[netdevice] Limit MTU by hardware maximum frame length
Separate out the concept of "hardware maximum supported frame length"
and "configured link MTU", and limit the latter according to the
former.
In networks where the DHCP-supplied link MTU is inconsistent with the
hardware or driver capabilities (e.g. a network using jumbo frames),
this will result in iPXE advertising a TCP MSS consistent with a size
that can actually be received.
Note that the term "MTU" is typically used to refer to the maximum
length excluding the link-layer headers; we adopt this usage.

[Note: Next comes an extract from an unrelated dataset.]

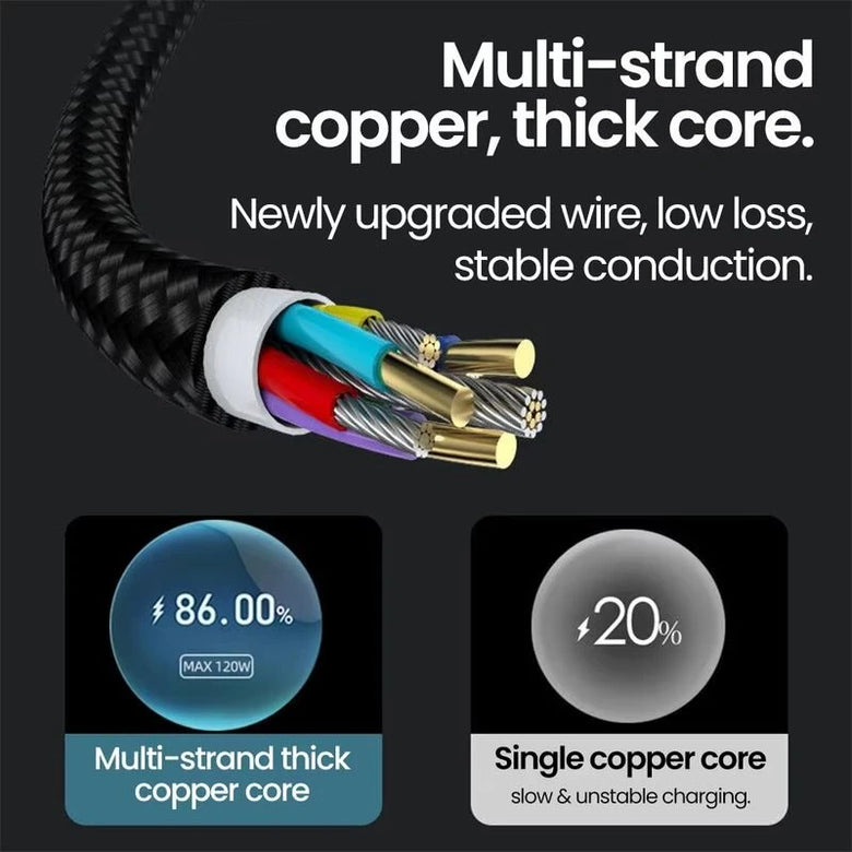 4.【Fast Charging and Data Transfer】: With a charging capacity of 120W, this data cable can charge quickly and efficiently. In addition, it is perfect for high-resolution media and large file transfers.

Signed-off-by: Michael Brown <mcb30@ipxe.org>
[netdevice] Avoid using zero as a network device index
Avoid using zero as a network device index, so that a zero
sin6_scope_id can be used to mean "unspecified" (rather than
unintentionally meaning "net0").
Signed-off-by: Michael Brown <mcb30@ipxe.org>
Provide a generic inject_fault() function that can be used to inject
random faults with configurable probabilities.

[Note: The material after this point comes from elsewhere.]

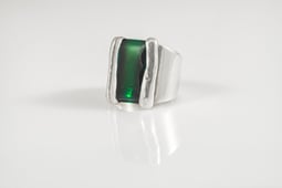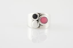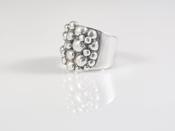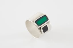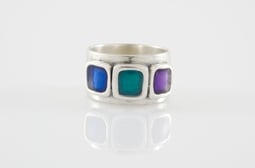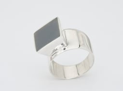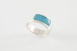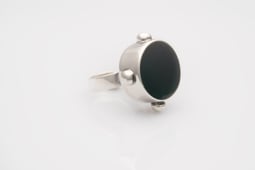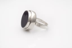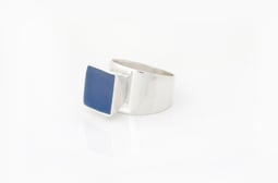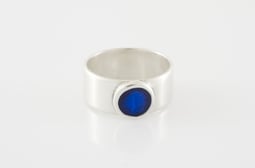 Bold Round Silver Ring With Flat Detail - Dark Blue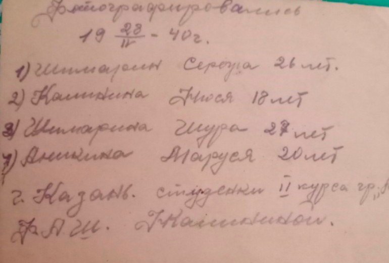 На обороте рассказано обо всех участниках встречи: «Фотографировались 19 28/IV – 40 г. 1) Шимарин Сережа 26 лет 2) Калинина Нюся 18 лет 3) Шимарина Шура 27 лет 4) Аникина Маруся 20 лет г. Казань студентки II курса гр. ФАШ Калининой».

Signed-off-by: Michael Brown <mcb30@ipxe.org>
[netdevice] Add a generic concept of a "blocked link"
When Spanning Tree Protocol (STP) is used, there may be a substantial
delay (tens of seconds) from the time that the link goes up to the
time that the port starts forwarding packets.
Add a generic concept of a "blocked link" (i.e. a link which is up but
which is not expected to communicate successfully), and allow "ifstat"
to indicate when a link is blocked.
Signed-off-by: Michael Brown <mcb30@ipxe.org>
[legal] Relicense files under GPL2_OR_LATER_OR_UBDL
These files cannot be automatically relicensed by util/relicense.pl
since they either contain unusual but trivial contributions (such as
the addition of __nonnull function attributes), or contain lines
dating back to the initial git revision (and so require manual
knowledge of the code's origin).
Signed-off-by: Michael Brown <mcb30@ipxe.org>
Reject network devices which appear to be duplicates of those already
available via a different underlying hardware device. On a Xen PV-HVM
system, this allows us to filter out the emulated PCI NICs (which
would otherwise appear alongside the netfront NICs).
Note that we cannot use the Xen facility to "unplug" the emulated PCI
NICs, since there is no guarantee that the OS we subsequently load
will have a native netfront driver.
We permit devices with the same MAC address if they are attached to
the same underlying hardware device (e.g. VLAN devices).
Inspired-by: Marin Hannache <git@mareo.fr>
Signed-off-by: Michael Brown <mcb30@ipxe.org>
[netdevice] Reset network device index when last device is unregistered
When functioning as an EFI driver, drivers can be disconnected and
reconnected multiple times (e.g. via the EFI shell "connect" command,
or by running an executable such as ipxe.efi which will temporarily
disconnect existing drivers).
Minimise surprise by resetting the network device index to zero
whenever the last device is unregistered. This is not foolproof, but
it does handle the common case of having all devices unregistered and
then reregistered in the original order.
Signed-off-by: Michael Brown <mcb30@ipxe.org>
[netdevice] Mark devices as open before calling open() method
When opening a VLAN device, vlan_open() will call netdev_open() on the
trunk device. This will result in a call to netdev_notify(), which
will cause vlan_notify() to call vlan_sync() on the original VLAN
device, which will see that the trunk device is now open but the VLAN
device apparently isn't (since it has not yet been flagged as open by
netdev_open()). The upshot is a second attempt to open the VLAN
device, which will result in an erroneous second call to vlan_open().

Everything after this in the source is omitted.